On July 22, 2020, the New York State Senate and Assembly passed legislation that expanded First Amendment protections under New York’s anti-SLAPP law by providing new tools for defendants to challenge frivolous lawsuits. The bill was signed into law by former Governor Andrew M. Cuomo on November 10, 2020. The law amended and extended New York’s existing statute (sections 70-a and 76-a of the New York Civil Rights Law) addressing so-called SLAPP suits: suits that seek to punish and chill the exercise of the rights of petition and free speech by subjecting defendants to expensive and burdensome litigation. New York’s previous anti-SLAPP law, enacted in 2008, was limited to litigation arising from a public application or permit, often in a real estate development context.

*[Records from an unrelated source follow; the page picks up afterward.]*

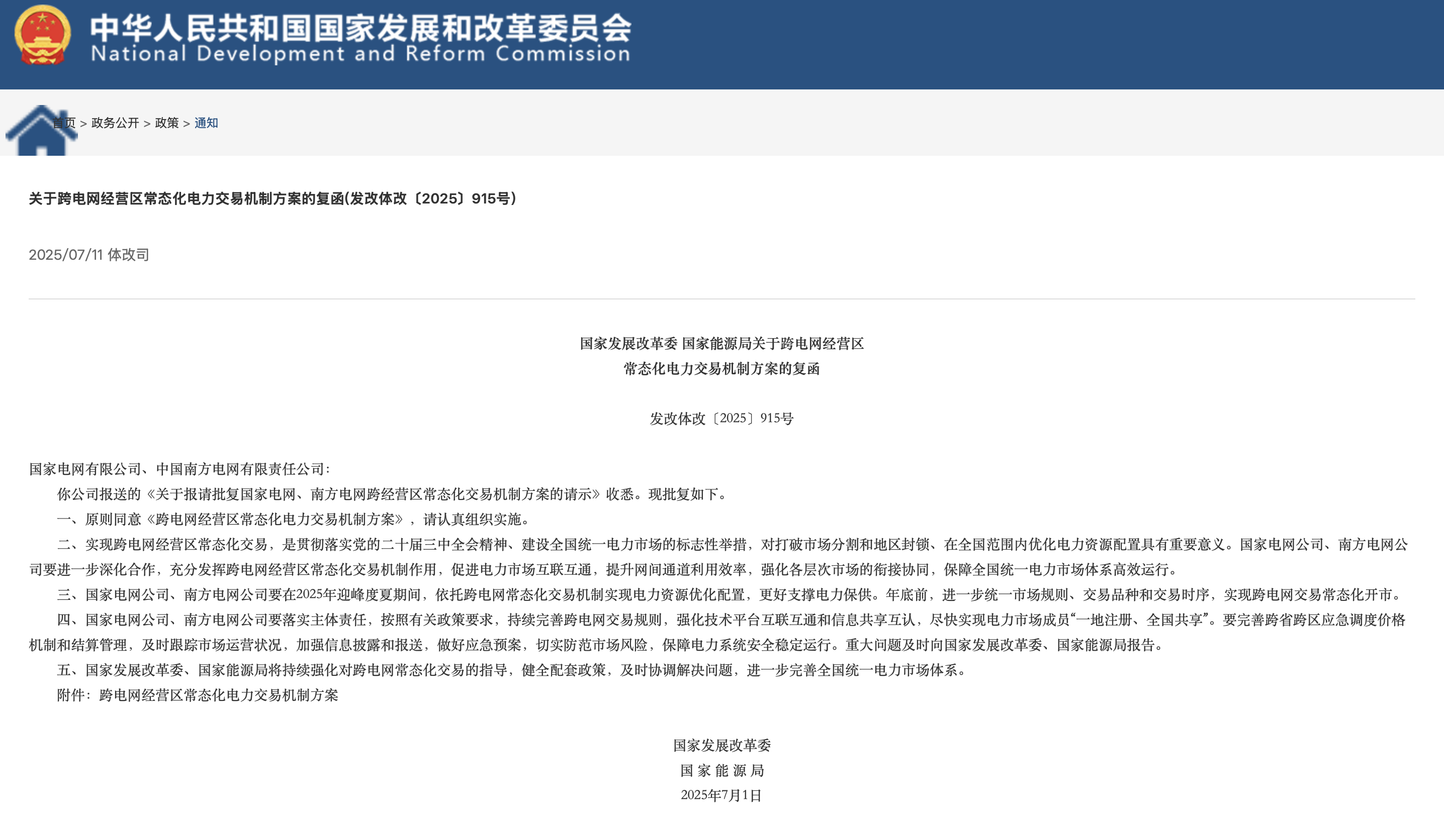 7月11日,国家发展改革委、国家能源局发布《关于跨电网经营区常态化电力交易机制方案的复函》。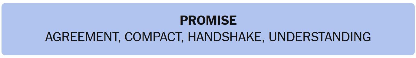 - PROMISE – AGREEMENT, COMPACT, HANDSHAKE, UNDERSTANDING
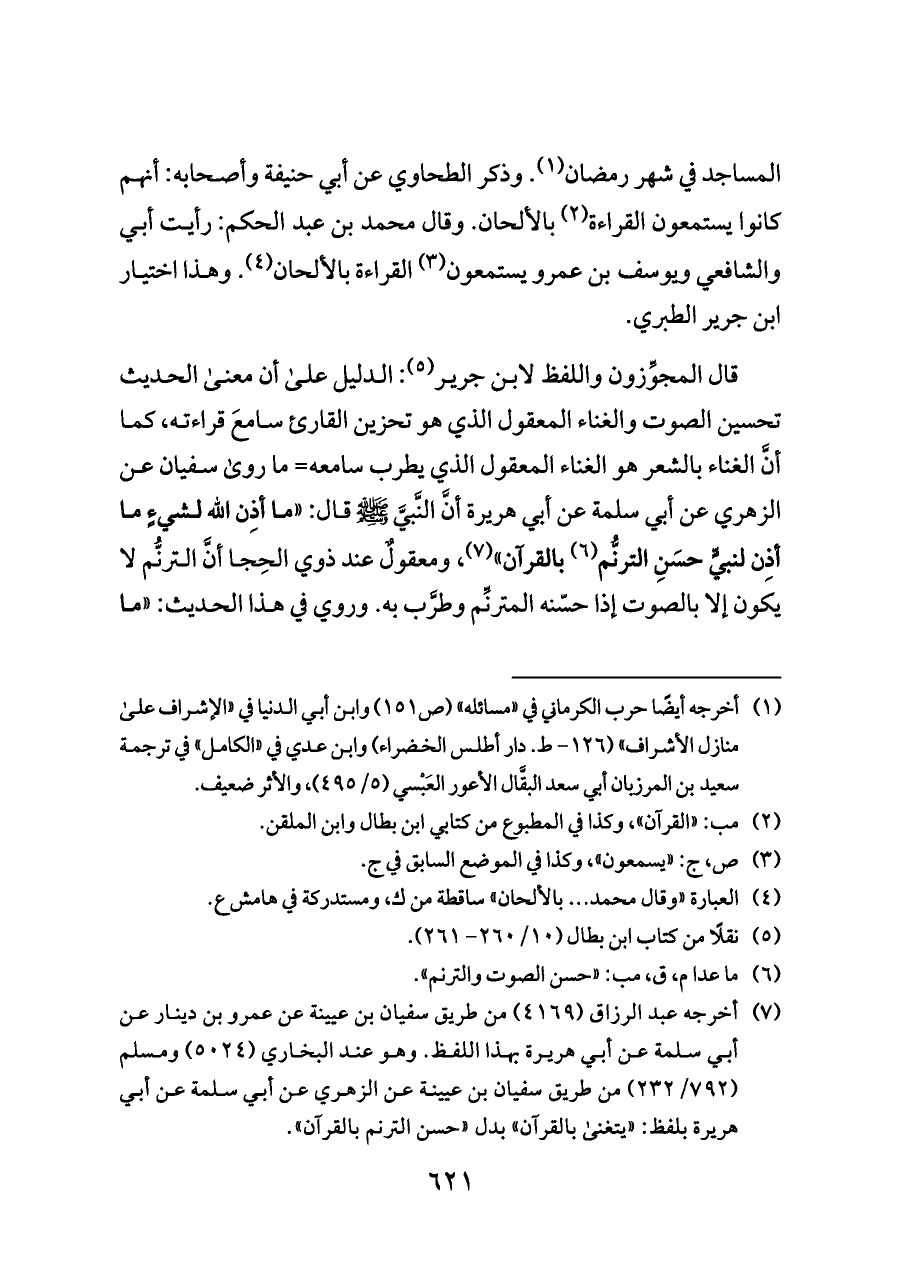 المساجد في شهر رمضان (¬١). وذكر الطحاوي عن أبي حنيفة وأصحابه: أنهم كانوا يستمعون القراءة (¬٢) بالألحان. وقال محمد بن عبد الحكم: رأيت أبي والشافعي ويوسف بن عمرو يستمعون (¬٣) القراءة بالألحان (¬٤). وهذا اختيار ابن جرير الطبري.

The amendments, which took effect immediately upon enactment, introduced the following key changes to New York law:
New York’s existing anti-SLAPP law already provided that a plaintiff in an “action involving public petition and participation” was required, as a matter of state law separate and apart from federal constitutional law, to satisfy the “actual malice” standard first promulgated by the United States Supreme Court in the seminal First Amendment decision New York Times v. Sullivan. By expanding the definition of an “action involving public petition and participation,” the 2020 amendments require plaintiffs in a wider range of actions to satisfy that standard.

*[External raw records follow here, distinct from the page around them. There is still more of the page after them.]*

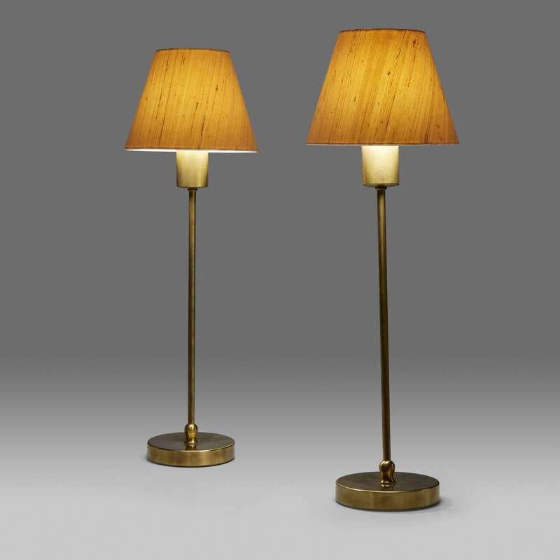 Brass, linen Each stamped to base: "Svenskt Tenn 2332/2" with applied manufacturer's paper label: "S"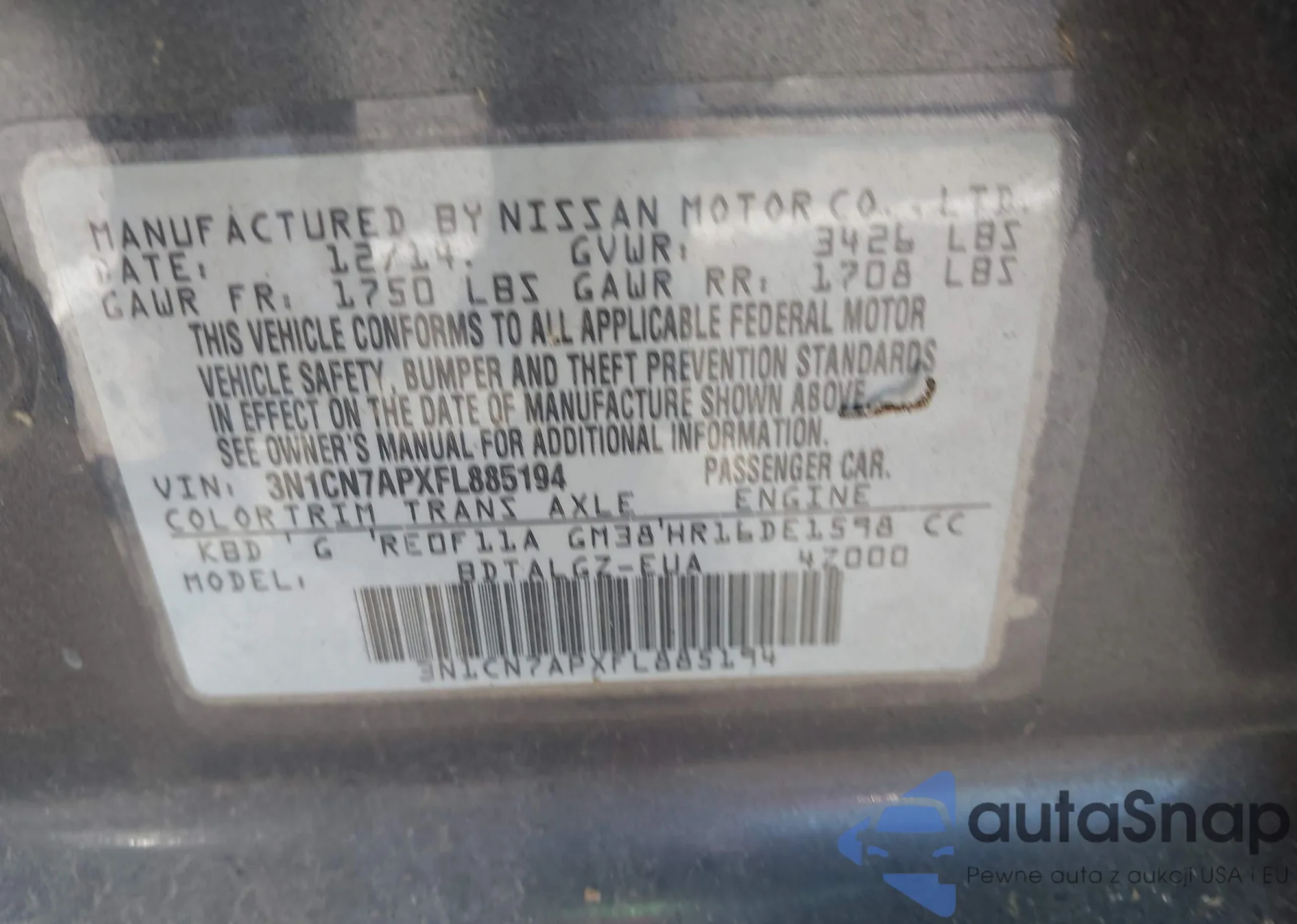 LOT: 43607309 VIN: 3N1CN7APXFL885194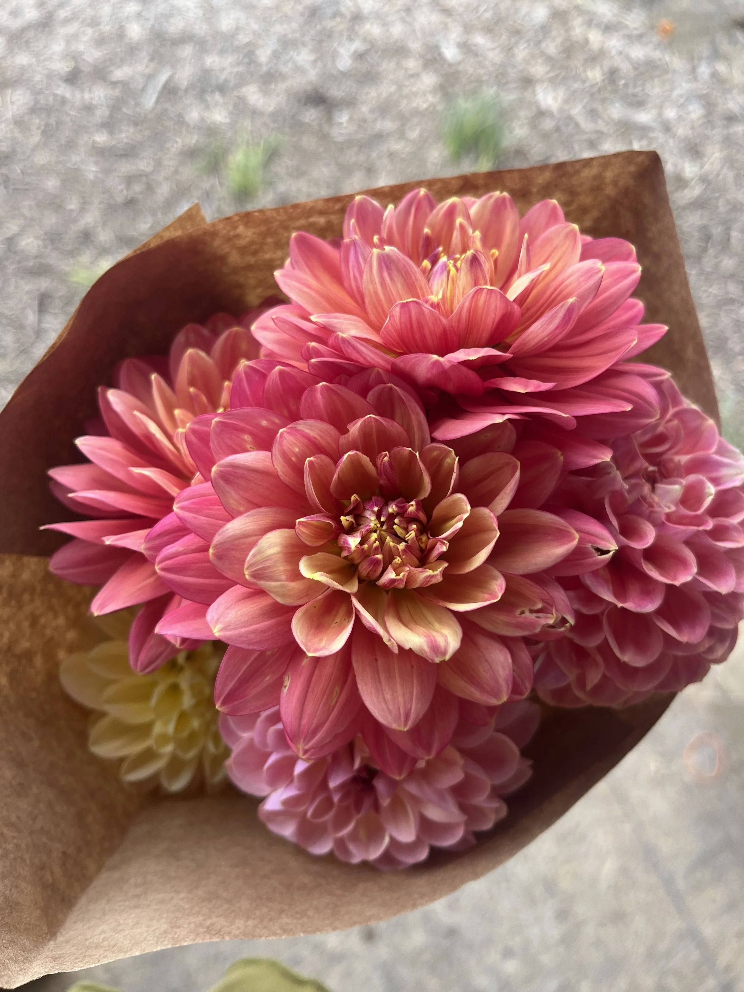 Weekly bouquets featuring dahlias grown at City Farm, and tended by the Central Coast Dahlia Society. Pick-up on Fridays at City Farm SLO.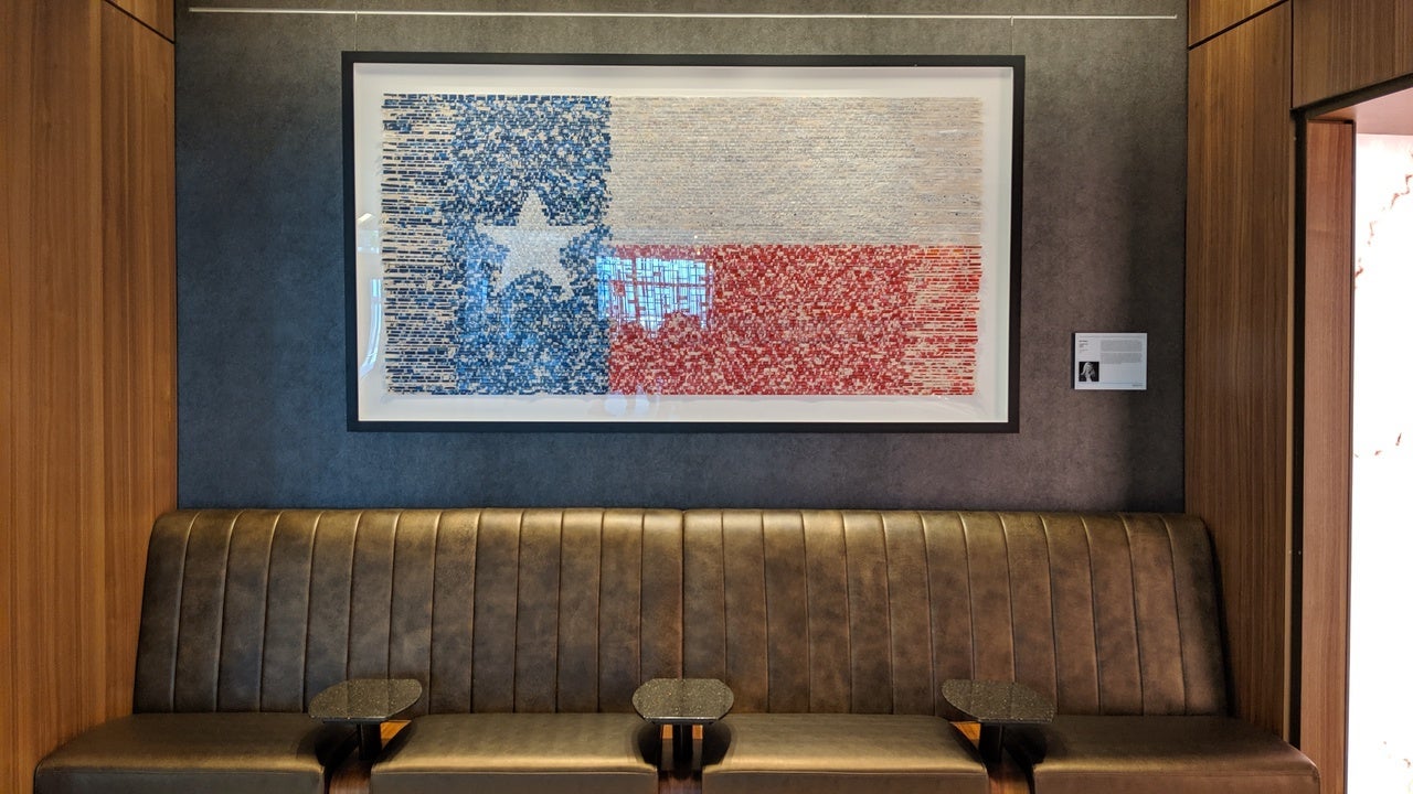 Located on the mezzanine level of the terminal, the 9,000-square-foot lounge is "classy Texas," featuring warm walnut wood and metal finishes, as well as artwork from local artists.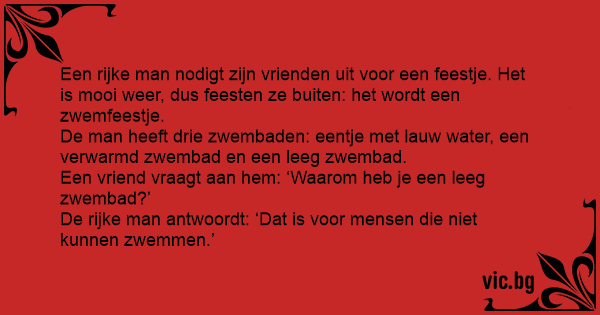 De rijke man antwoordt: ‘Dat is voor mensen die niet kunnen zwemmen.’

When passed, commentators observed that courts would be asked to determine whether the revised statute was “retroactive” in effect, i.e., whether it would apply to actions already pending at the time it became effective, or if it would only have effect in subsequently filed actions. Under New York law, whether a statute is “retroactive” is “a matter of judgment made upon review of the legislative goal,” based on “whether the Legislature has made a specific pronouncement about retroactive effect or conveyed a sense of urgency; whether the statute was designed to rewrite an unintended judicial interpretation; and whether the enactment itself reaffirms a legislative judgment about what the law in question should be.”
The first courts to consider the issue uniformly held that the amended anti-SLAPP law did apply retroactively to actions pending as of the date the amendments were passed. For example, on December 29, 2020, United States District Judge Rakoff of the Southern District of New York held in Palin v. New York Times Company that the law was retroactive.” Judge Rakoff explained that “It is clear that the [amended law] is a remediate statute” that “should be given retroactive effect in order to effectuate its beneficial purpose” and that “[o]ther factors in the retroactivity analysis include whether the Legislature has made a specific pronouncement about retroactive effect or conveyed a sense of urgency; whether the statute was designed to rewrite an unintended judicial interpretation; and whether the enactment itself reaffirms a legislative judgment about what the law in question should be.” In Judge Rakoff’s view, “the legislative history demonstrates that the amendments to [the anti-SLAPP law] were intended to correct the narrow scope of New York’s prior anti-SLAPP law” such that “the remedial purpose of the amendment should be effectuated through retroactive application.” In the Palin case, this determination meant that under the amended anti-SLAPP law, New York state law as well as federal constitutional law both separately required the plaintiff to meet the “actual malice” standard to establish her defamation claims. Over the following 14 months, almost 20 other state and federal courts—every court to consider the same question—came to the same conclusion.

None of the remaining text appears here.